A first difficulty a GMS faces is the metric to code different types of magnitudes. What common metric allows comparing the loudness of a tone to the duration of a stimulus or the meaning of an Arabic digit? In other words, what is the scale factor that relates one magnitude dimension to another? One strong interpretation of the GMS would imply that there is a single common currency on which all dimensions can be mapped. Early studies addressed this issue for one particular pair of dimensions, namely event counts and time (duration). A scale factor of 1:5 was obtained, in which the representation of one count is equivalent to 200 ms of time (Meck and Church, 1983). However, it was demonstrated that a single scale factor fails to explain all observations (e.g., Balci and Gallistel, 2006). Furthermore, numerical effects on the magnitude of grip aperture are flexibly modulated by the relative magnitude of the numbers on a specific trial (Chiou et al., 2012). In other words, the scale factor by which one magnitude is mapped to another can change on a trial-by-trial base. To fit the framework of a GMS, the common metric thus has to be sensitive to the relative magnitude in a specific context. This flexibility of the scaling factor violates the prediction from a GMS for a common monotonic mapping of quantities (Bueti and Walsh, 2009). Another difficulty for a common monotonic mapping concerns metathetic dimensions, i.e. magnitude dimensions that lack an intrinsic polarity (Stevens, 1957). What is, for example, the larger magnitude when judging luminance? If luminance is defined with respect to black, increasing darkness then increases the magnitude. On the other hand, if luminance is defined with respect to white, magnitude should decrease with increasing darkness. Another issue concerns the specific problem the brain faces when representing numbers. From a computational point of view, representing numbers is inherently different from representing other magnitude dimensions, such as luminance, surface area, or weight. A problem specific for processing numerosity is that it requires the individuation of objects independent of their non-numerical features. How the brain represents numbers is therefore likely to depend on a unique set of neural properties. These unique properties to encode discrete numerosities could be the reason why differences in processing between discrete and continuous magnitudes have been observed (Castelli et al., 2006).

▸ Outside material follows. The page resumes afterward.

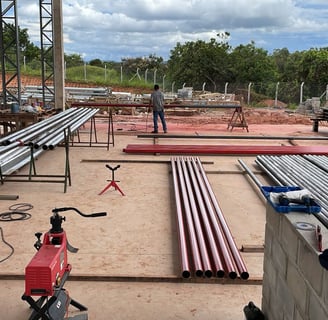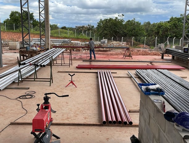 Utilizamos tubulações acopladas por ranhuras e roscas, uma tecnologia que acelera a execução das obras, garantindo maior agilidade, eficiência e um ambiente sempre limpo.

Concerning the second argument, much of the evidence in favor of a GMS comes from the observation that behavioral effects can be very similar across stimulus types, or that they interact with each other. One important behavioral effect that has often been used to argue along these lines is the comparison distance effect (CDE). The CDE indicates a decrease in response times when the magnitude between two stimuli that need to be compared increases (Moyer and Landauer, 1967). The presence of a CDE when comparing different types of stimuli, such as numbers, luminance, weight and even social status, has led to the suggestion that the representations of these stimuli must overlap (e.g., Moyer and Landauer, 1967; Chiao et al., 2004). However, as we have demonstrated before (Verguts et al., 2005; Van Opstal et al., 2008) the CDE can originate from the pattern of connections from input coding neurons to the decision and response neurons, relevant for the magnitude comparison task (e.g., “Left stimulus is larger”). In particular, the CDE may result from a competition in the decision process that is determined by the monotonically increasing pattern in these connection weights (see Van Opstal et al., 2008 for full details). In fact, this connectivity pattern automatically develops from the requirements of a magnitude comparison task, and a CDE will thus be observed for any stimulus type trained on this task. Therefore, the presence of a CDE across stimulus types does not imply a common representation or dedicated magnitude processing system. Instead, similar effects may arise from similar computational constraints across tasks. For a similar argument in the context of the size congruity effect, see Santens and Verguts (2011).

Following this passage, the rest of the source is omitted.